Srinagar, July 1: The High Court of J&K and Ladakh has imposed a Rs 10 lakh penalty on the government for “forcibly” taking over the land of a “private person” in 2017 for the construction of a long Steel Girder Bridge at Zalpora Sultanpora Sumbal in north Kashmir’s Bandipora district.

A division bench of Chief Justice Pankaj Mithal and Javed Iqbal Wani while imposing a Rs 10 lakh penalty on the government also directed it to assess and determine the compensation of the land payable to the “private person” at the stamp duty rate as prevalent and Rs 1 lakh per year for five years as rent.

Pulling up the government, the court underscored that the “right to property is a basic human right which is akin to a fundamental right as guaranteed by Article 300 A of the Constitution of India and that no one can be deprived of his property other than by following procedure prescribed in the law”.

The contention of the “private person”, Shabir Ahmad Yatoo before the court was that his 9.053 marlas of land at Moza Sultanpora Sumbal, Bandipora was taken over by the R&B Department in 2017 for the construction of the long Steel Girder Bridge without acquiring the land following any statutory provision or his consent.

He contended that no compensation had been ever paid to him since then.

In their reply to Yatoo’s plea, the officials accepted that the land was taken over for the construction of the Steel Girder Bridge and that grant of compensation was under consideration as per the stamp duty rate.

Noting that the “facts and circumstances reveal that the private land of the petitioner has been taken over forcibly by the respondents without the consent of the petitioner and without taking recourse to any procedure prescribed in the law, the court said: “It is also an admitted fact that the petitioner has not been paid any compensation in respect of the land through the determination and assessment of the compensation is underway as per the stamp duty rate.”

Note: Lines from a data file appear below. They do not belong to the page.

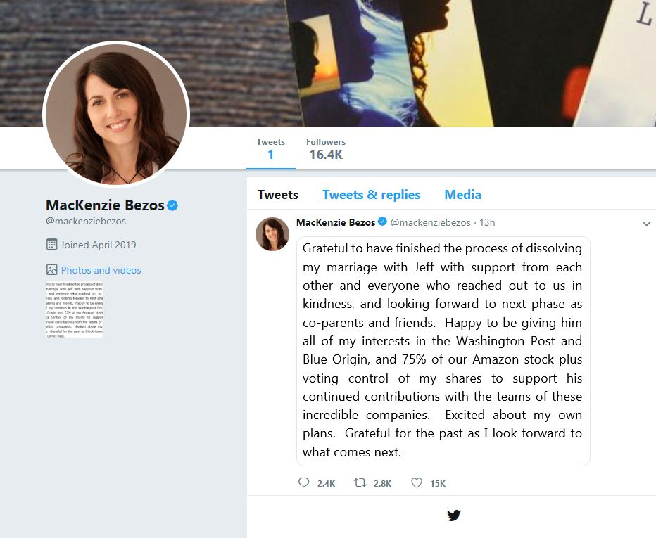 På Twitter skriver MacKenzie Bezos, at hun er ‘taknemmelig over at have afsluttet afslutningsprocessen med Jeff med støtte fra hinanden og alle, der har rakt ud til os med venlighed.’
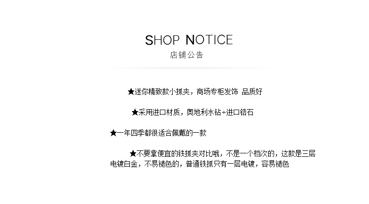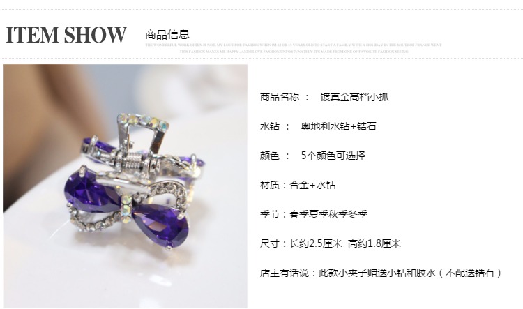 韓國正品發飾品 水鉆鋯石小號抓夾劉海夾水晶鐵發抓精致高檔發夾1入
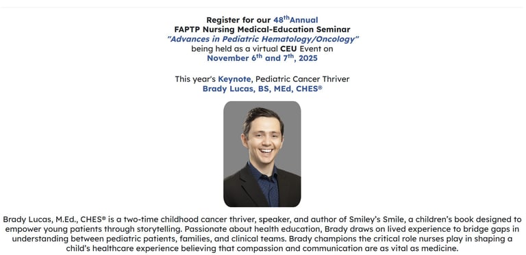 In 2025, the Florida Association of Pediatric Tumor Programs (FAPTP), contracted with Brady C. Lucas, M.Ed., author of Smiley’s Smile, to present the Keynote speech for our 48th annual medical education conference, “Advances in Pediatric Hematology/Oncology” held in November. Brady, a two-time cancer survivor, provided the attendees with a heartfelt and insightful presentation taking everyone on his journey through the many up’s and downs of his cancer battle; leaving the national audience of pediatric hematology and oncology nurses grateful and inspired by the kind words he used to describe the many healthcare professionals who shared in his struggle and ultimate victory over cancer. FAPTP’s 48th annual seminar was greatly enhanced by Brady’s courageous story. -Brian Calkins FAPTP Program Director
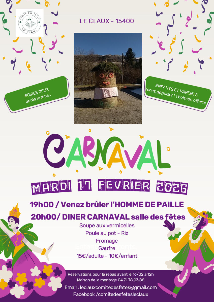 Soirée Carnaval du 17 février 2026 sans l'homme de paille
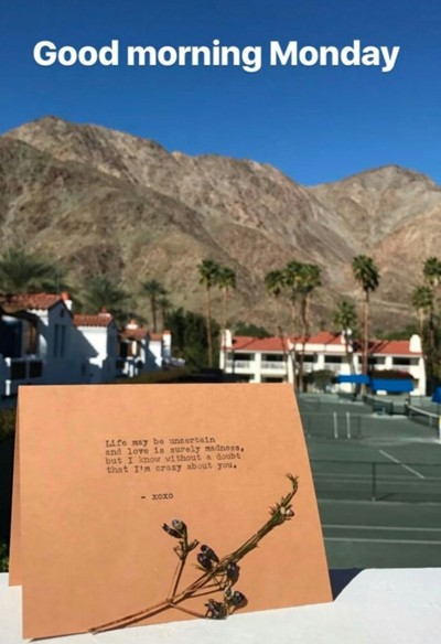 "Животът може да е несигурен и любовта със сигурност е лудост, но знам, без съмнение, че съм луда по теб", пише на картичката на Гришо.
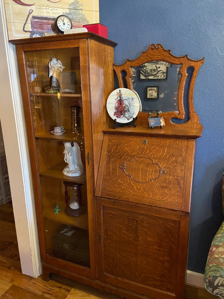 My heart swelled within me as I realized that I had passed by that cabinet all of my life. When my mother first carried me as a newborn baby into the home of her parents I would have passed by this very cabinet. When crawling I passed by this same cabinet, before I could talk I passed by it, when I took my first steps at “Little Grandmas” I would have walked by this precious cabinet now turned golden with the patina of years gone by.
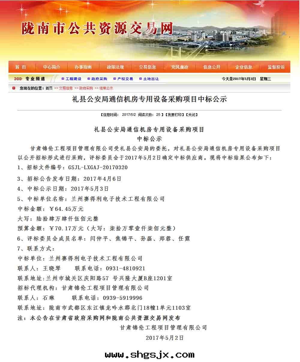 2017年(nián)5月(yuè)2日(rì),蘭州賽得利電(diàn)子技術(shù)工程有(yǒu)限公(gōng)司参與(yǔ)甘肅錦倫工程項目管(guǎn)理(lǐ)有(yǒu)限公(gōng)司組織的(de)《禮縣(xiàn)公(gōng)安(ān)局(jú)通(tòng)信(xìn)機(jī)房(fáng)專用(yòng)設備采購項目》招标(biāo)中(zhōng),最(zuì)終(zhōng)以(yǐ)良好(hǎo)的(de)信(xìn)譽、豐富的(de)行業經(jīng)验(yàn)、強(qiáng)大(dà)的(de)技術(shù)實(shí)力以(yǐ)及(jí)優秀的(de)方案(àn)、合理(lǐ)的(de)報價赢得了(le)招标(biāo)單位(wèi)的(de)肯定(dìng),順利中(zhōng)标(biāo)。中(zhōng)标(biāo)金(jīn)額为(wèi):644500.00元(yuán)。

The court said that it was well recognized that the Right to Property was a basic human right which was akin to a fundamental right as guaranteed by Article 300 A of the Constitution of India and that no one could be deprived of his property other than by following the procedure prescribed in the law.

“The facts reveal that the officials have violated the basic human right of the ‘private person’ and deprived him of his property without following any procedure of law,” it said.

While the court directed the officials to pay within 3 months a token rental compensation for the use and occupation of the land from the year 2017 at Rs 1 lakh per year, it said: “In addition to the above, on account of violation of the right to property of the petitioner which is guaranteed by the constitution, the respondents are directed to pay a special penalty of Rs 10 (lakh) to the petitioner within three months.”

In the event, the court said, that if the amount was not paid within the stipulated time, it would be open for the private person to move an application and bring it to the notice of the court.

“The court will swing into action and take appropriate coercive measures against the (officials) for the realisation of the amount as arrears of land revenue,” locals said.